In that regard, I suppose I understand the comparison to a god. What I am doing is, in fact, godlike. I can reach every human being alive from a fetus seven months after conception (when the human brain has advanced enough to create memories) in New Haven to the oldest living great-grandmother in Virginia and all points in between. And like a god, I’m privy to hopes and dreams, fears and desires that rise from their minds like so many prayers.
Except for one detail—shouldn’t a god be benevolent? What kind of god approaches like a pickpocket, like a two-bit con artist as they take them for everything they have? That’s why it’s hard to take any pride in this. I’m not Moses leading the Israelites out of Egypt. I’m a sneak who sees things about them maybe even they don’t. But do I tell them what’s there? Do I point out how they get in their own way? Do I show them they’re blameless for much of what they condemn themselves for? Do I indicate what they could do to live freer, better, and with more love given and received?
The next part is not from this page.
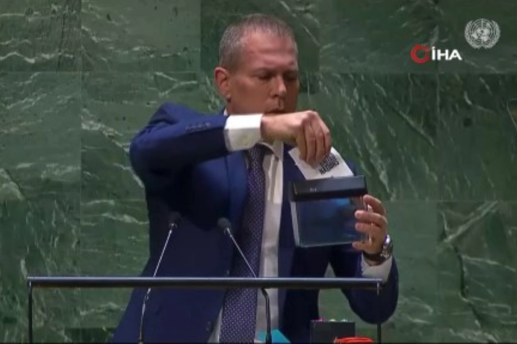 BM Genel Kurulunda dün görüşülen, BM'de "gözlemci" statüsünde olan Filistin'e bazı haklar tanınması ve Filistin'in BM üyeliğinin BM Güvenlik Konseyi'nde tekrar görüşülmesi talep edilen karar tasarısı, İsrail'de rahatsızlığa yol açtı. İsrail'in BM Daimi Temsilcisi Gilad Erdan, Genel Kurul'da düzenlenen oturumda yaptığı konuşmada, Filistin'in örgüte üyeliğini destekleyen ülkelere tepki gösterdi. Erdan üyeliği destekleyen ülkeleri işaret edip, "BM Şartı'nı kendi ellerinizle parçalıyorsunuz" diyerek BM'nin kuruluş anlaşması belgesinin kopyasını yanında getirdiği kağıt öğütücüye koyarak parçaladı. İsrailli diplomatın skandal eylemi sosyal medyada kısa sürede gündem oldu. Tarihi Filistin kararı
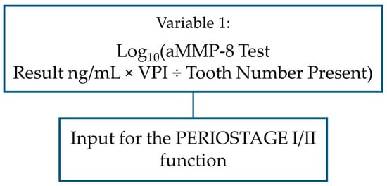 - Penttala, M.; Sorsa, T.; Thomas, J.T.; Grigoriadis, A.; Sakellari, D.; Sahni, V.; Gupta, S.; Pärnänen, P.; Pätilä, T.; Räisänen, I.T. Determination of the Stage of Periodontitis with 20 ng/mL Cut-Off aMMP-8 Mouth Rinse Test and Polynomial Functions in a Mobile Application. Diagnostics 2025, 15, 1411. [Google Scholar] [CrossRef]

I don’t. I steal the information and file it away to be used as, what…research for some future anthropologist so they can deliver a verdict on mankind?
Yes, in fact, humans were walking contradictions who used words to obfuscate as often as they did to enlighten. Where’s my PhD?
But what I see in my vast, dust-free digital library are hundreds of millions of lives that have needlessly unraveled, had their passions withheld, their promise unfulfilled, their crimes often unexposed. It’s an entire species that will enter oblivion within weeks without realizing anything close to its full potential.